Diversité des Produits
Outre le Faso Danfani aussi appelé pagne tissé labellisé, les artisans burkinabè produisent d’autres textiles traditionnels :
- Bogolan : Originaire du Mali, le bogolan est également fabriqué au Burkina Faso. Ce tissu est teint à l’aide de boue fermentée (argile), créant des motifs uniques aux teintes terreuses. En complément de l’argile, le Ngalama, ainsi que les feuilles d’autres plantes, jouent un rôle dans la production du bogolan.



- Indigo : Utilisant des teintures naturelles à base de plantes, notamment l’indigotier, les artisans produisent des tissus aux nuances bleutées profondes.



- Batik : Cette technique consiste à appliquer de la cire sur le tissu pour créer des motifs avant de le teindre. Après teinture, la cire est retirée, révélant des dessins contrastés.
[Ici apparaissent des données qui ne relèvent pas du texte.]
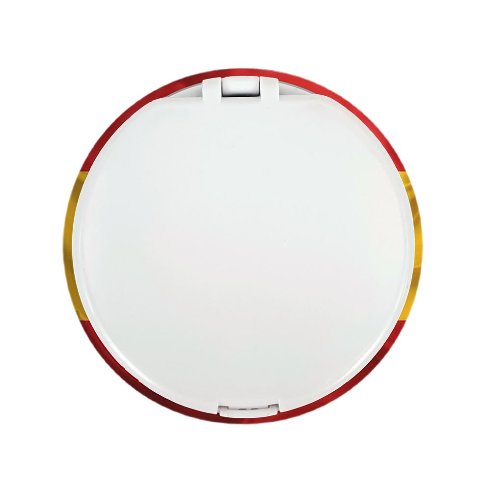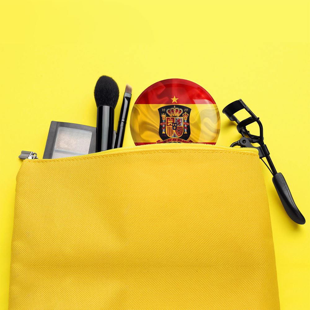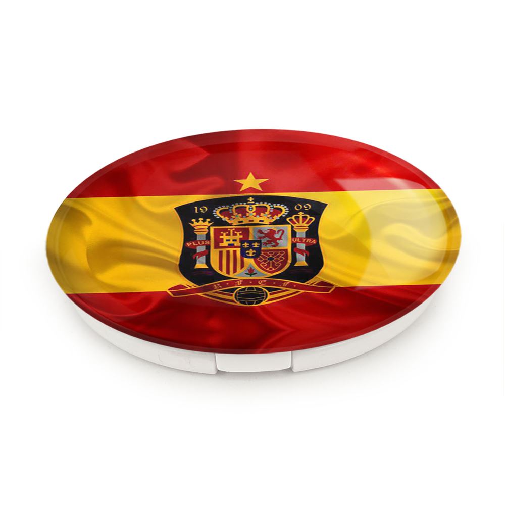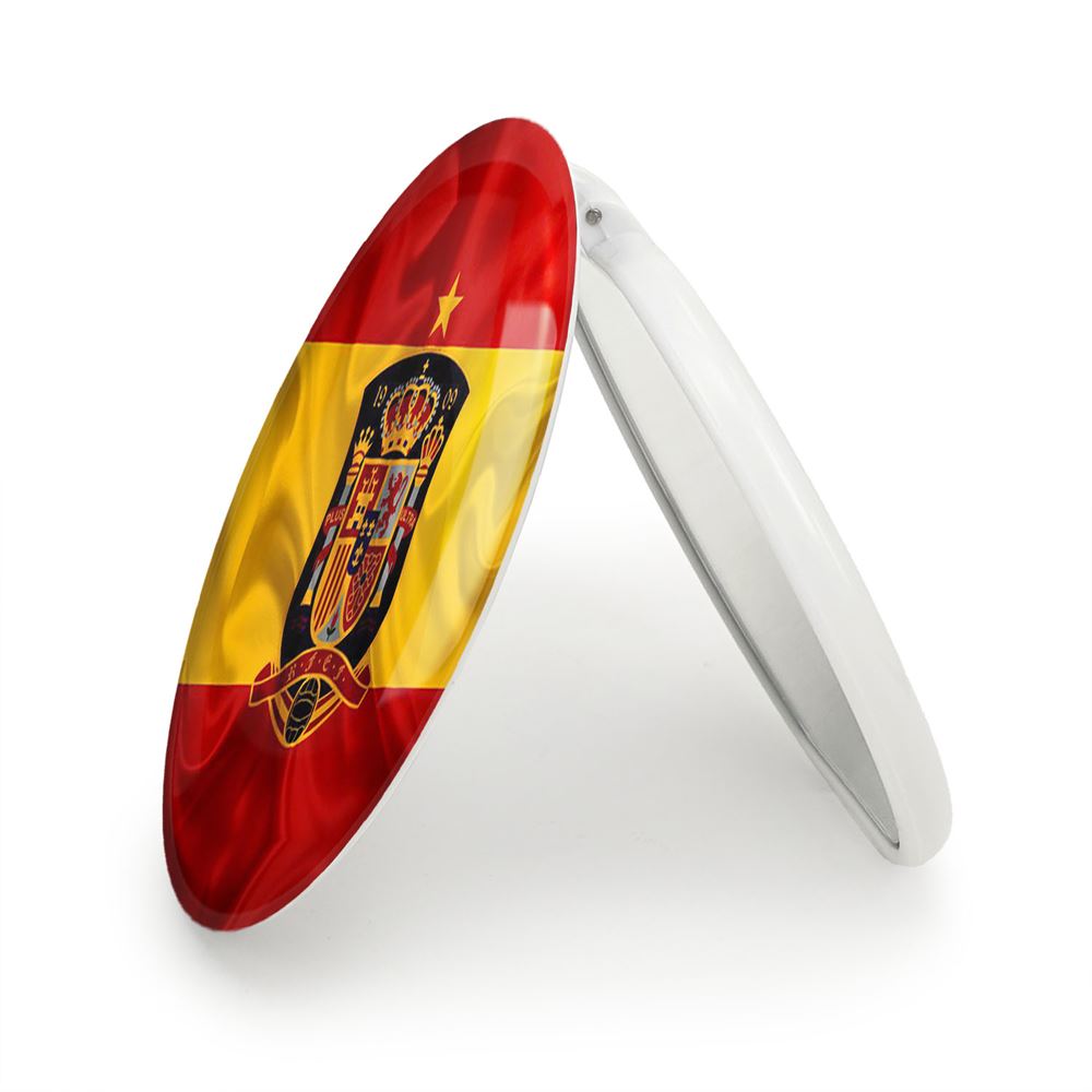 آینه های تاشو تیم ملی اسپانیا خندالو، از جنس پلاستیک فشرده ABS تولید شده و به رنگ سفید می باشد. یکی از آینه ها ابعاد واقعی را نشان داده و دیگری با قابلیت بزرگنمایی، جزئیات را بهتر نمایش می دهد. ابعاد هر یک از آینه ها، دایره ای به قطر 7.5 سانت می باشد که نه خیلی بزرگ و غیر قابل استفاده در کیف آرایشی ست و نه خیلی کوچک که تصویر خاصی در آن مشاهده نشود. آینه تاشو تیم ملی اسپانیا سایزی استاندارد و کارآمد دارد و در هر کیفی جا میگیرد. چاپ طرح بوسیله چاپگرهای دیجیتال شش رنگ با شفافیت و کیفیتی مثال زدنی بر روی یک وجه از بدنه ی آینه انجام گرفته و با روکش لمینت حرارتی پوشیده شده که در مقابل آسیب و خط و خش مقاوم بوده و کیفیت بالایی دارد. درب آینه بوسیله قفل بدنه ی آن، باز نمی ماند و کاملا بسته می شود و مناسب قرار گیری در کیف لوازم آرایش و کیف های کوچک دستی نیز هست. آینه های تاشو تیم ملی اسپانیا خندالو با تنوع طرحی بسیار بالا، سلیقه هر نوع مخاطبی را تامین میکند.

Rôle Socio-Économique et Culturel
La production du Faso Danfani et d’autres textiles traditionnels joue un rôle crucial dans l’économie locale et le développement humain. Elle offre des opportunités d’emploi, en particulier pour les femmes, contribuant ainsi à leur autonomisation et à la réduction de la pauvreté. De plus, ces activités préservent et valorisent le patrimoine culturel burkinabè, renforçant le sentiment d’identité nationale et le capital social des communautés.
Des initiatives, telles que la labellisation du Faso Danfani, visent à protéger ce patrimoine contre la contrefaçon et à promouvoir sa reconnaissance sur les marchés internationaux. Cette démarche assure une meilleure valorisation du travail des artisans et garantit aux consommateurs l’authenticité et la qualité des produits. Elle contribue également à une distribution plus équitable des revenus au sein de la filière.
Défis et Perspectives
Malgré son importance culturelle et économique, la filière du pagne tissé au Burkina Faso fait face à plusieurs défis :
- Concurrence des produits importés : Les textiles importés, souvent moins chers, représentent une concurrence pour les produits locaux.
- Accès aux marchés internationaux : Bien que le Faso Danfani soit apprécié au-delà des frontières, son exportation reste limitée en raison de contraintes logistiques et de la méconnaissance des marchés étrangers.
- Modernisation des outils de production : Tout en préservant le caractère artisanal, l’introduction de technologies appropriées pourrait améliorer la productivité et la qualité des produits, tout en veillant à limiter l’impact environnemental.
Pour surmonter ces obstacles, des efforts concertés entre le gouvernement, les organisations professionnelles, les partenaires internationaux et les acteurs de la société civile sont nécessaires. La promotion du “consommer local”, la sensibilisation à l’importance du patrimoine textile burkinabè et le renforcement des capacités des artisans peuvent stimuler la demande intérieure et soutenir les acteurs locaux.
En conclusion, le Faso Danfani est bien plus qu’un simple textile. Il est le reflet d’une histoire riche, d’un savoir-faire ancestral et d’une identité culturelle forte. Soutenir sa production et sa promotion revient à préserver une partie essentielle du patrimoine burkinabè, à encourager le développement économique et social du pays, et à investir dans le capital humain des communautés locales.